**PROBLEM:**
In your copy, each line below is repeated exactly and no image appears.
DATA PROVIDED: Begin
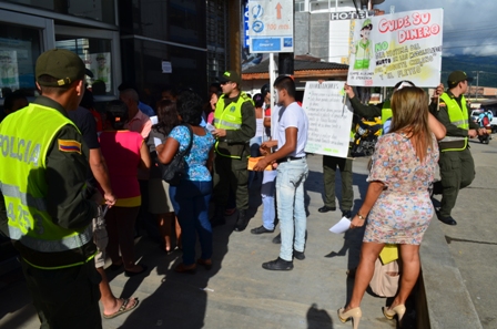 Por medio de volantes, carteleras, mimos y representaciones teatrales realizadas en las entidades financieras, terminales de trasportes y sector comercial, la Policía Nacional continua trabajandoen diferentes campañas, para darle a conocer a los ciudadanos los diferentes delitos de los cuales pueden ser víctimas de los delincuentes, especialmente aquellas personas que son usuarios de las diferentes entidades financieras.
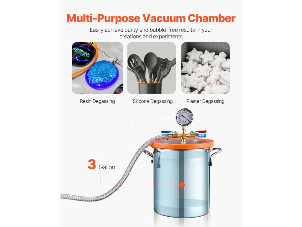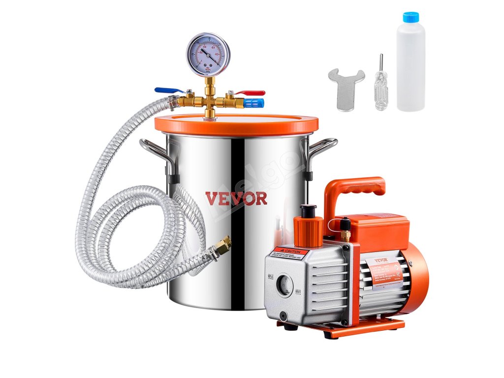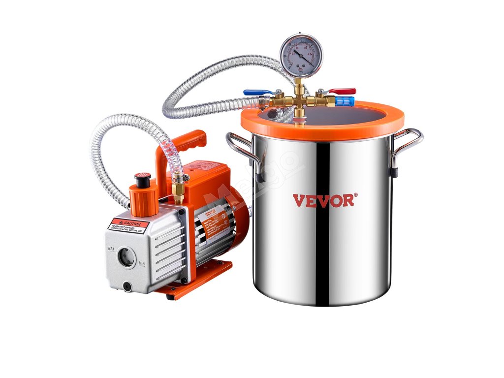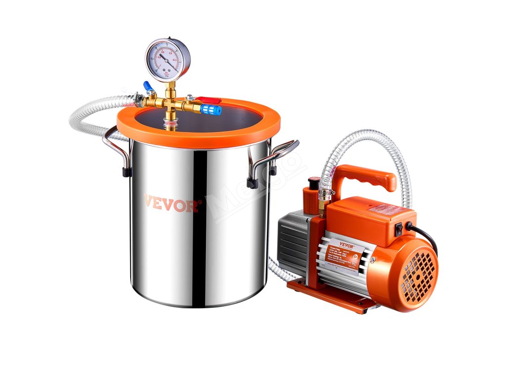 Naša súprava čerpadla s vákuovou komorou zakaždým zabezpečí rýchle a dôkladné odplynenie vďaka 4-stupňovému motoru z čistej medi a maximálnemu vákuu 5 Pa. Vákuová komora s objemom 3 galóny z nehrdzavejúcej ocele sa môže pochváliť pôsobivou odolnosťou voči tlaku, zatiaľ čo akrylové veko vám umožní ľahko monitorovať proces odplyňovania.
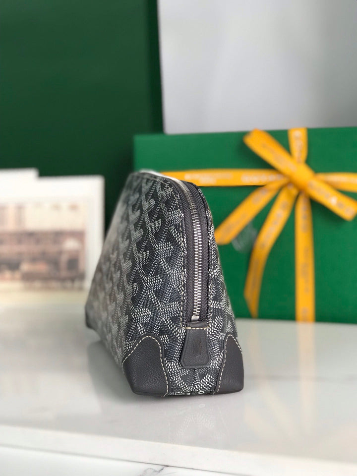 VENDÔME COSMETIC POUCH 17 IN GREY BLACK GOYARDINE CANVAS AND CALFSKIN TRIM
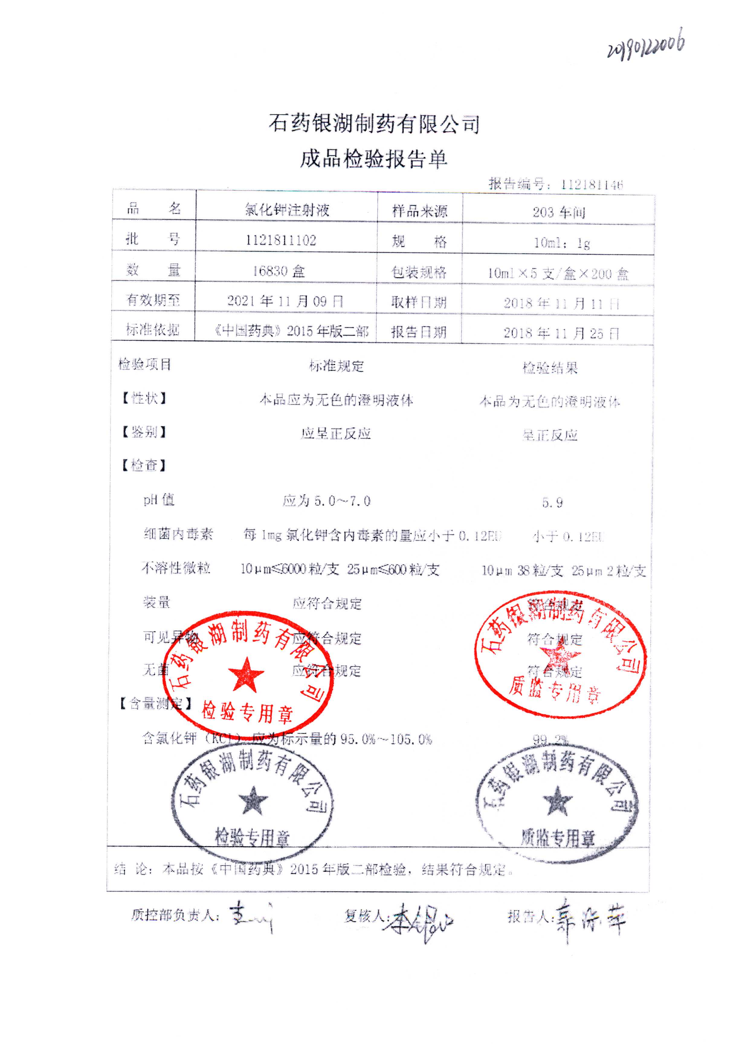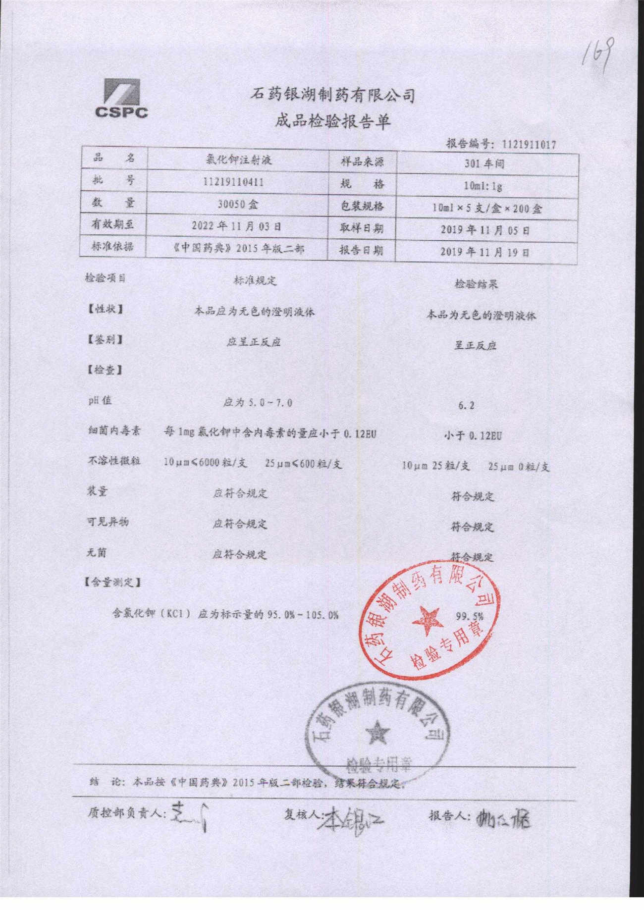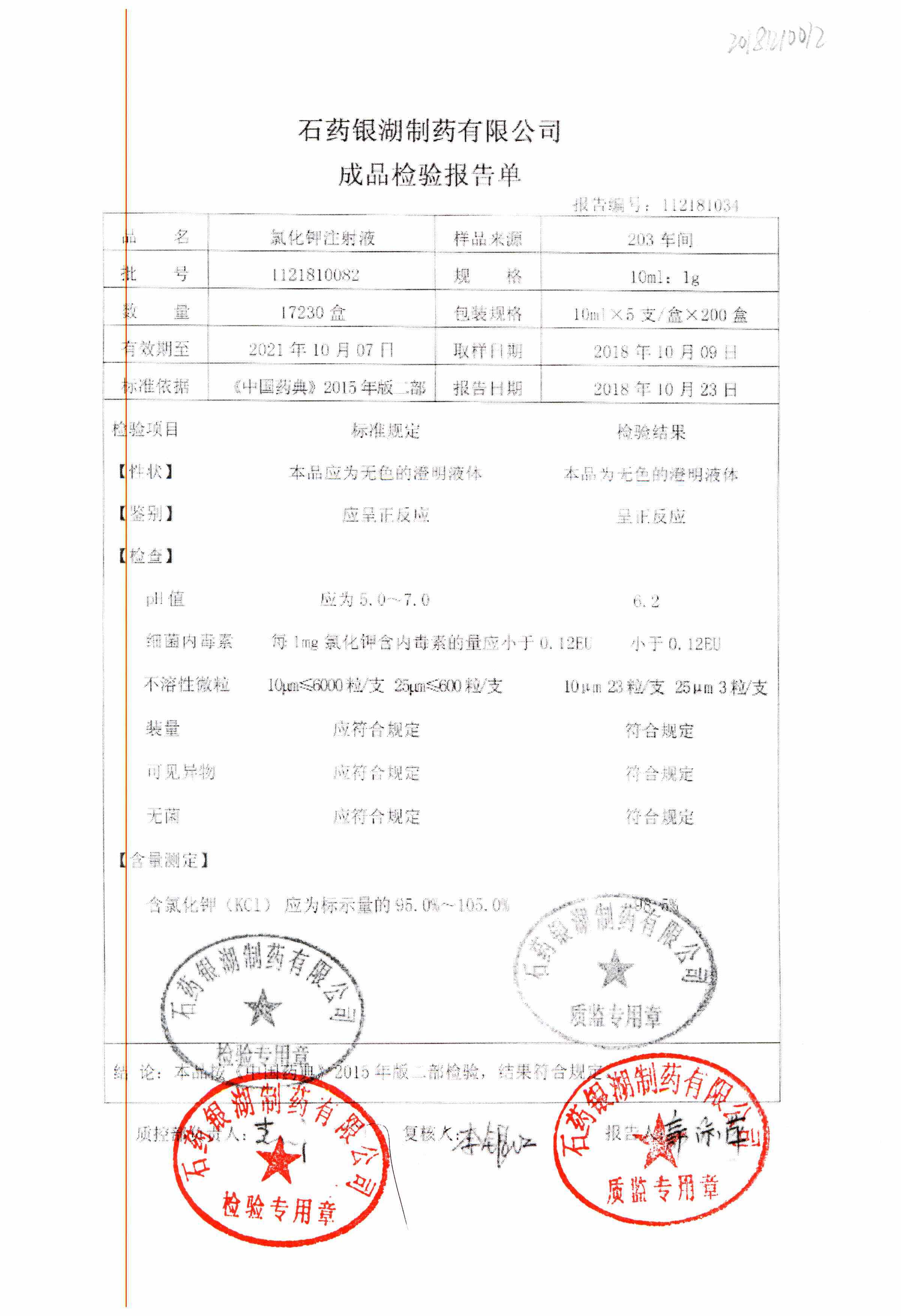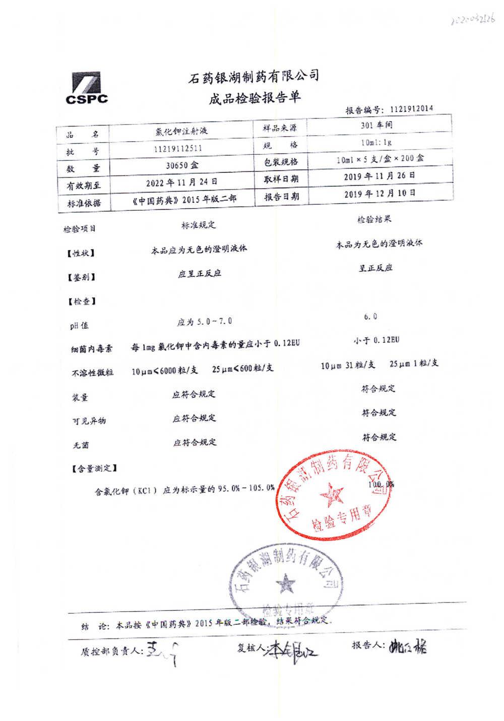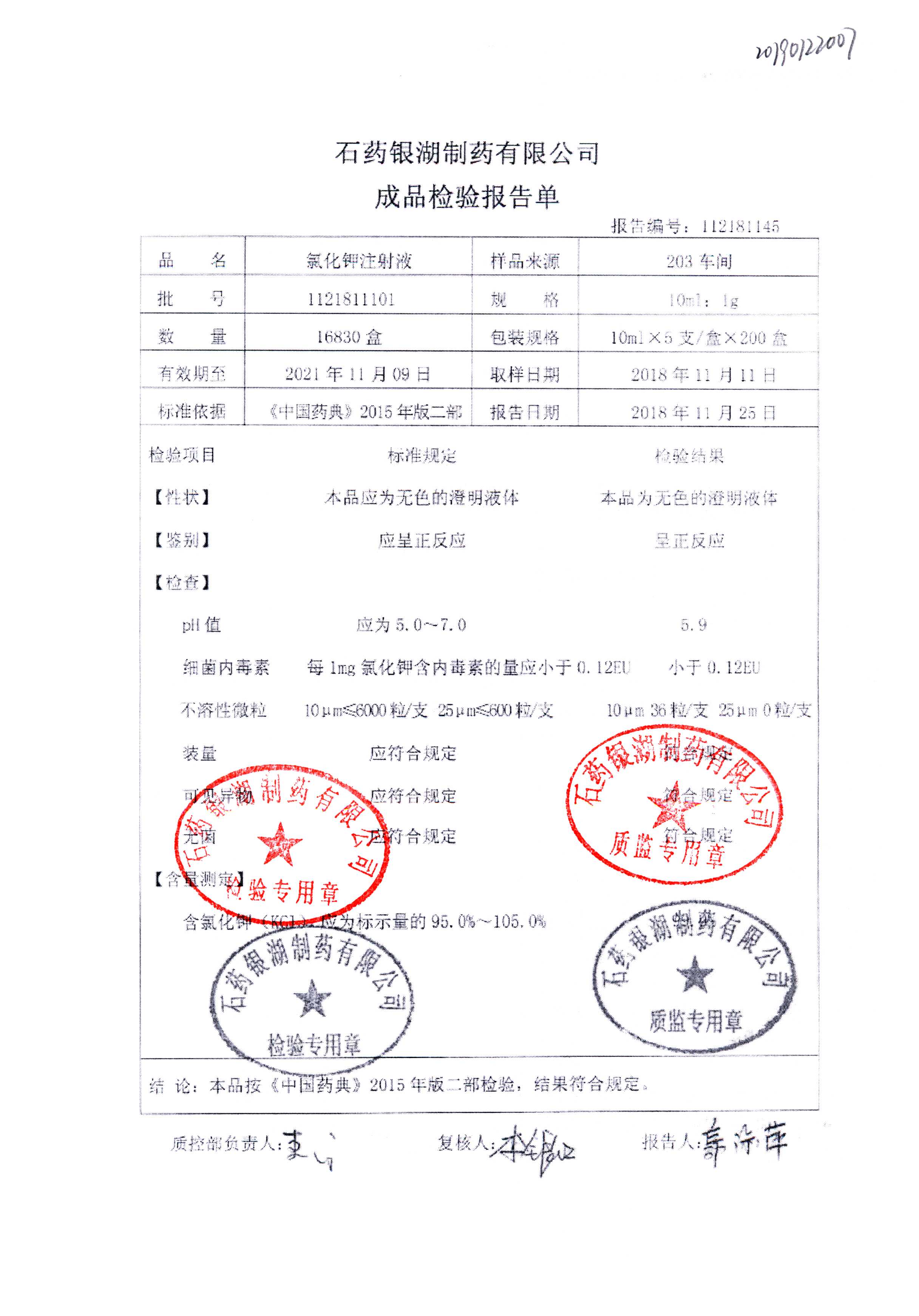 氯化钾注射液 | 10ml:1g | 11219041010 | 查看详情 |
DATA PROVIDED: End
**TASK ANSWER:**
 Por medio de volantes, carteleras, mimos y representaciones teatrales realizadas en las entidades financieras, terminales de trasportes y sector comercial, la Policía Nacional continua trabajandoen diferentes campañas, para darle a conocer a los ciudadanos los diferentes delitos de los cuales pueden ser víctimas de los delincuentes, especialmente aquellas personas que son usuarios de las diferentes entidades financieras.
 Naša súprava čerpadla s vákuovou komorou zakaždým zabezpečí rýchle a dôkladné odplynenie vďaka 4-stupňovému motoru z čistej medi a maximálnemu vákuu 5 Pa. Vákuová komora s objemom 3 galóny z nehrdzavejúcej ocele sa môže pochváliť pôsobivou odolnosťou voči tlaku, zatiaľ čo akrylové veko vám umožní ľahko monitorovať proces odplyňovania.
 VENDÔME COSMETIC POUCH 17 IN GREY BLACK GOYARDINE CANVAS AND CALFSKIN TRIM
 氯化钾注射液 | 10ml:1g | 11219041010 | 查看详情 |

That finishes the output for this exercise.